It is Apple’s backdoor access that was the aberration, even for Apple. Jumping to the present, Sanchez debunks the notion that Apple or anyone else is setting an alarming new precedent with its encryption:
IS TSEARCH SAFE FREE
I'd add that you've long been free to buy a safe that opens only with your thumbprint, bury a treasure chest in a location known only to you, or write a diary in code. Today, you are free to lock up your e-mails, chats, or hard drives without providing the government with a spare key. was this: Would ordinary citizens be free to protect their communications and private files using strong, truly secure cryptography, or would governments seek to force programmers and computer makers to build in backdoors that would enable any scheme of encryption to be broken by the authorities?

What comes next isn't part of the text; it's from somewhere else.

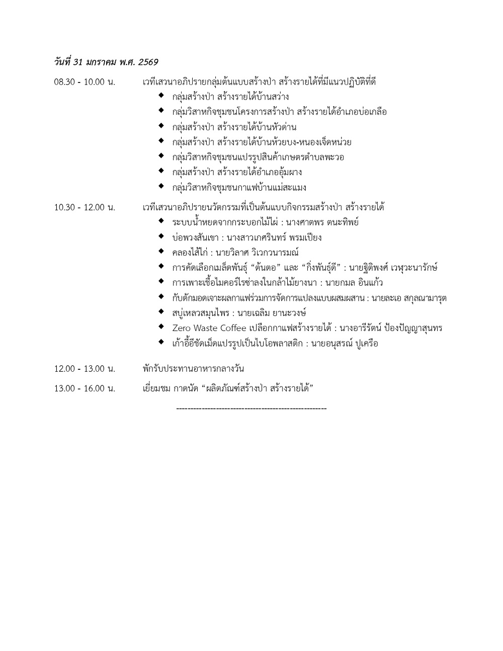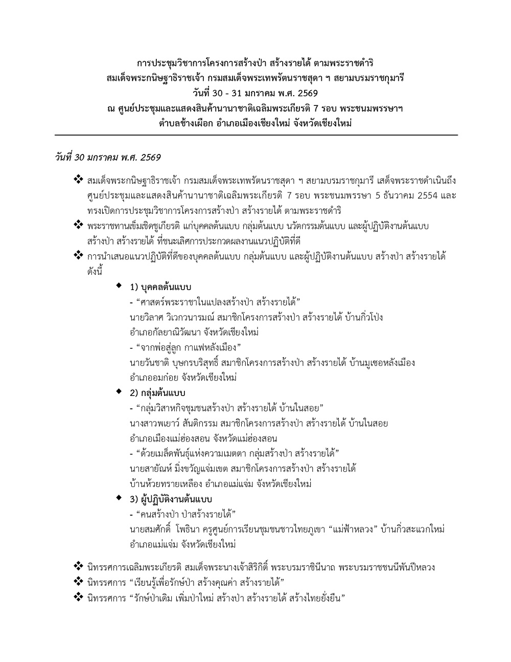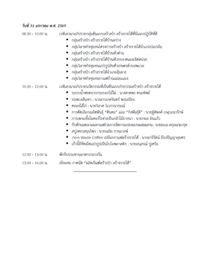 โครงการส่วนพระองค์สมเด็จพระกนิษฐาธิราชเจ้า กรมสมเด็จพระเทพรัตนราชสุดา ฯ สยามบรมราชกุมารี ร่วมกับหน่วยงานที่เกี่ยวข้อง จัดการประชุมวิชาการโครงการสร้างป่า สร้างรายได้ ตามพระราชดำริ สมเด็จพระกนิษฐาธิราชเจ้า กรมสมเด็จพระเทพรัตนราชสุดา ฯ สยามบรมราชกุมารี “13 ปี พระเมตตา สร้างป่า สร้างรายได้ สร้างถิ่นไทยให้เข้มแข็ง” ระหว่างวันที่ 30-31 มกราคม พ.ศ. 2569 ณ ศูนย์ประชุมและแสดงสินค้านานาชาติเฉลิมพระเกียรติ 7 รอบ พระชนมพรรษา 5 ธันวาคม 2554 อำเภอเมืองเชียงใหม่ จังหวัดเชียงใหม่ โดยมีกรมส่งเสริมการเรียนรู้ เป็นเจ้าภาพหลักในการจัดงาน สำหรับวัตถุประสงค์ของการประชุมเพื่อเผยแพร่แนวทางการดำเนินงานตามพระราชดำริ และเผยแพร่แนวปฏิบัติที่ดี รวมทั้งประสบการณ์การดำเนินงานของเกษตรกร กลุ่มสร้างป่า สร้างรายได้ และผู้ปฏิบัติงานต้นแบบโครงการสร้างป่า สร้างรายได้ รวมทั้งนวัตกรรมสนับสนุนกิจกรรมสร้างป่า สร้างรายได้ เพื่อให้เกษตรกรใช้เป็นแนวทางการดำเนินงานในแต่ละพื้นที่ได้อย่างมีประสิทธิภาพต่อไป โดยมีเจ้าหน้าที่ ครู และเกษตรกรสมาชิกในโครงการสร้างป่า สร้างรายได้ พื้นที่โครงการจังหวัดน่าน เลย เชียงใหม่ ตาก และจังหวัดแม่ฮ่องสอน สังกัดกรมป่าไม้และกรมส่งเสริมการเรียนรู้ รวมทั้งผู้แทนจากกรมการปกครอง มหาวิทยาลัยสุโขทัยธรรมาธิราช และหน่วยงานที่เกี่ยวข้อง เข้าร่วมการประชุม

Happily for both global privacy and the burgeoning digital economy-which depends critically on strong encryption-the American government, at least, ultimately saw the folly of seeking to control this new technology. There were many distinct battlefields, but the overarching question. When the digital world was young, a motley group of technologists and privacy advocates fought what are now, somewhat melodramatically, known as the Crypto Wars. Comey has pressed this point on network television: The phone is the first one that thwarts intelligence and law enforcement agencies, like the National Security Agency, from gaining access to it, even if the authorities have court approval." (The iPhone 6 is not the first smartphone to offer default encryption.)Ĭomey's speech is part of a sustained effort to sway the debate over encryption, or what the FBI calls devices "going dark," thwarting efforts to solve robberies, kidnapping, and other crimes. "The speech was prompted, in part, by the new encryption technology on the iPhone 6, which was released last month. Comey will say that encryption technologies used on these devices, like the new iPhone, have become so sophisticated that crimes will go unsolved because law enforcement officers will not be able to get information from them," The New York Times reports. Hence the speech Comey is scheduled to give Thursday.

But technology companies are now selling devices that encrypt the user's data. Comey's ideal world, FBI agents would be able to access everything on a person's smartphone as long as a judge had issued a lawful warrant.